At thirty, Harold had been punctual, fastidious, fit from his five-mile runs in a plastic suit, knocking down 40K. Now, a shabby forty-two, working for Sammy, he could relax. Harold scouted good deals on condos, saw that they got cleaned after a show, picked up button orders from Norman, all of this giving Sammy the space to create. In winter Sammy gave him the keys to the Miami Beach condo, and Harold lazed on the deck, smoking cigars and sipping whiskey, ordering Cuban takeout, watching the sun’s slow arc.
“You okay?” Harold asks Hawk. “You look restless and anxious these days.”
They were still waiting for a doctor or nurse to get them.

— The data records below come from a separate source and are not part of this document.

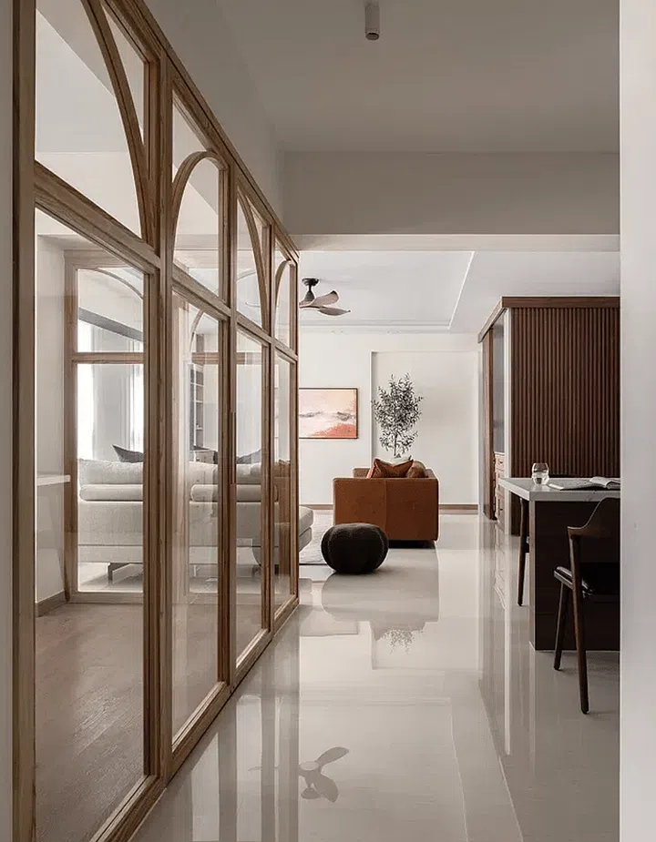 They also converted the bedroom closest to the living area into a study. Walls were removed so that it would feel like a part of the main living space. Glass doors with arch details provide a sense of continuity.
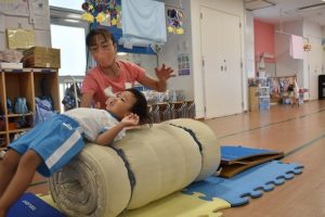 水遊びが大好きな、なでしこ組は「水が気持ちいね」と
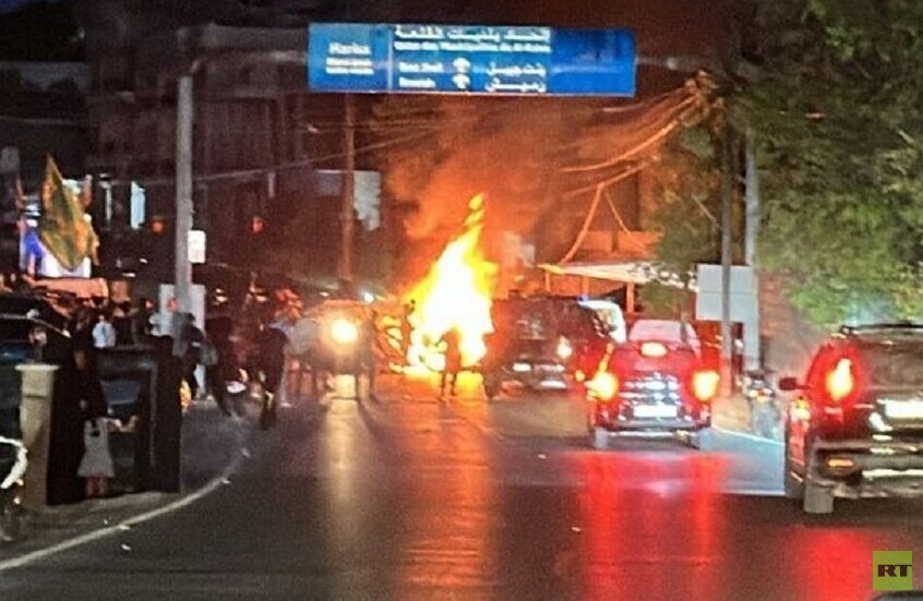 وذكرت مصادر في لبنان أن "غارة من مسيرة إسرائيلية بصاروخين استهدفت سيارة على طريق عام بلدتي حاريص - حداثا جنوب لبنان".
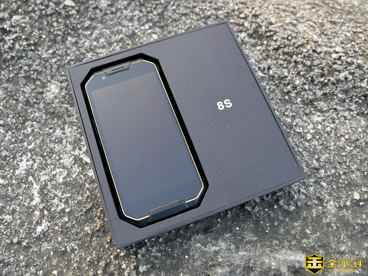 MANN 8S 三防智能手机安静的摆放在了内盒中,内盒的右侧还有8S的型号,由于笔者体验的是冷酷金的颜色,所以可以看到手机的外圈是金色的。
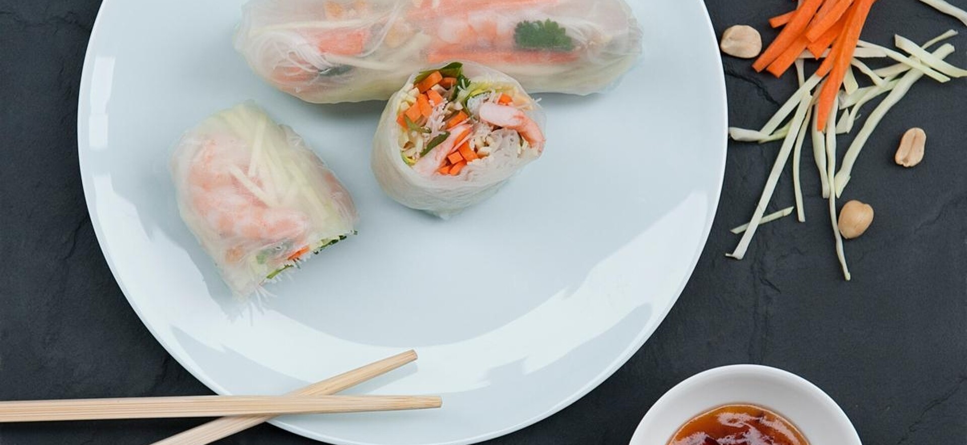Kennen Sie vietnamesische Sommerrollen? Frisch, gesund, fettarm, wahrhaft ein leichtes Gericht: Die in schmale Streifen geschnittenen Zutaten (gegartes Fleisch oder Fisch und rohes Gemüse) werden in eingeweichtes Reispapier eingewickelt, in einen Dip getaucht und direkt verzehrt. So einfach!
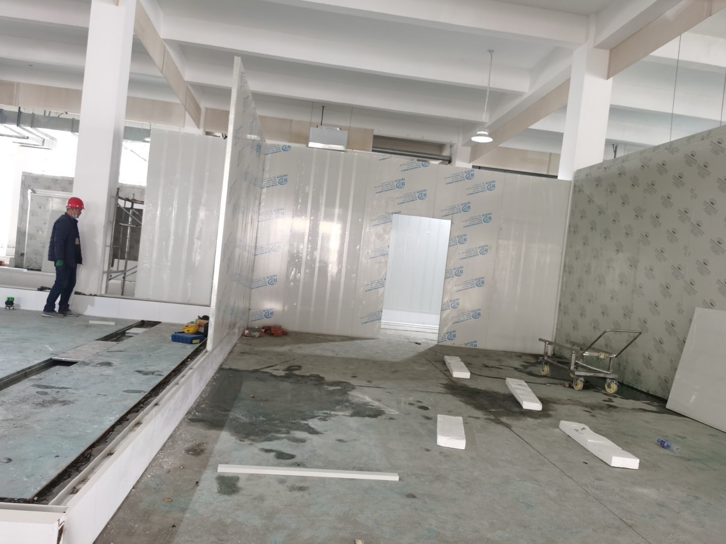 ①擋水墻主體施工第7天,完成擋水墻進度65%,擋水墻暫停進度,等待下一步工藝進行 ②防水進場施工第15天,防水進度完成100% ③排水管師傅進場施工第10天,室內排水管及排水點位完成100%室外排水管完成進度100% ④室內排水暗管找坡完成進度100% ⑤凍庫防水完成100% ⑥發泡混凝土進場施工第5天,進度完成100% ⑦等待黃色預警解出通知,準備下一歨工藝流程

“I thought I looked like that all the time,” Hawk says.
“I used to run around drunk and miserable,” Harold says. “Man, I miss those days. But kid, whatever’s on your mind, you need to let yourself feel clearly. You gotta stop auditing yourself. We can be worse on ourselves than the IRS.”

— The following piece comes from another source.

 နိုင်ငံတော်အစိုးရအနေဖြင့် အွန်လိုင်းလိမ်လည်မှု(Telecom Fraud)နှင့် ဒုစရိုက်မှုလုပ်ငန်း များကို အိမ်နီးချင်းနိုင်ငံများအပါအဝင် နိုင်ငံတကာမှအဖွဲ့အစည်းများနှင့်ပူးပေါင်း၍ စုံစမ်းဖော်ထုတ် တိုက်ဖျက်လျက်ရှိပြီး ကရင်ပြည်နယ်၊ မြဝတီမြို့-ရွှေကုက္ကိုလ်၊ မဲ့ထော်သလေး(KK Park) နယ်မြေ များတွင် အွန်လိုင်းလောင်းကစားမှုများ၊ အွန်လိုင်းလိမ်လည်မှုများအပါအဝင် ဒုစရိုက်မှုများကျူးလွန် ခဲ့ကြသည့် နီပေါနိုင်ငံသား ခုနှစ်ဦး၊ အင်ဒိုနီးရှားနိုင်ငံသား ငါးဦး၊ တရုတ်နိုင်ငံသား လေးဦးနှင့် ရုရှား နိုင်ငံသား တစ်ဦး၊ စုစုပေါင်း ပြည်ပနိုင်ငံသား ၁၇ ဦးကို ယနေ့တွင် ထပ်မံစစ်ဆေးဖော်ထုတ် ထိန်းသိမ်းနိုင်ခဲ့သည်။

“Me and the IRS have an arrangement. We leave each other alone.”
Harold looks around for a nurse, then slips more rum into Hawk’s drink.
“Salud, compadre,” Hawk says.
“Thanks, kid. Listen. You don’t struggle for happiness. You choose not to be unhappy. I realized I didn’t have to run five miles in a sweatsuit every morning. It’s enough to walk without discomfort. I stopped dreaming of a great job and promotion. I’m happy to pay my bills. It’s about appreciating little things. You gotta think of the misfortunes that you don’t have. You could get a brain tumor anytime, or piles, or shingles, or prostate cancer.”
Hawk nods, and Harold wipes his thick glasses.
“Sometimes I weep when I see a bloodied boxer after a fight thanking his Lord and personal Savior and then hugging his wife. You’re in your living room and you’re crying about some gymnast on the other side of the planet. You feel so much emotion that you have to go outside and walk around the block a few times, get a slice of pizza and a beer. You gotta live your life, kid. You ever see a U-Haul behind a hearse? Do you follow what I’m saying?”
“I think so.”
“You do?”
A pager tells them that the doctor will talk to them now.
“Hey kid,” Harold says. “I almost forgot. I need a favor for Sammy. His plants and stuff, they need watering. I gotta get to New Orleans, check a few things. You could take in the mail or anything in front of Sammy’s door so they don’t swipe it all. Check the answering machine. You could drop the key with Flo and Norm before you leave for New Orleans. Flo said she’d stop in a few times while we’re down South. Norman is going to come down by plane and run the show. You got time for that?”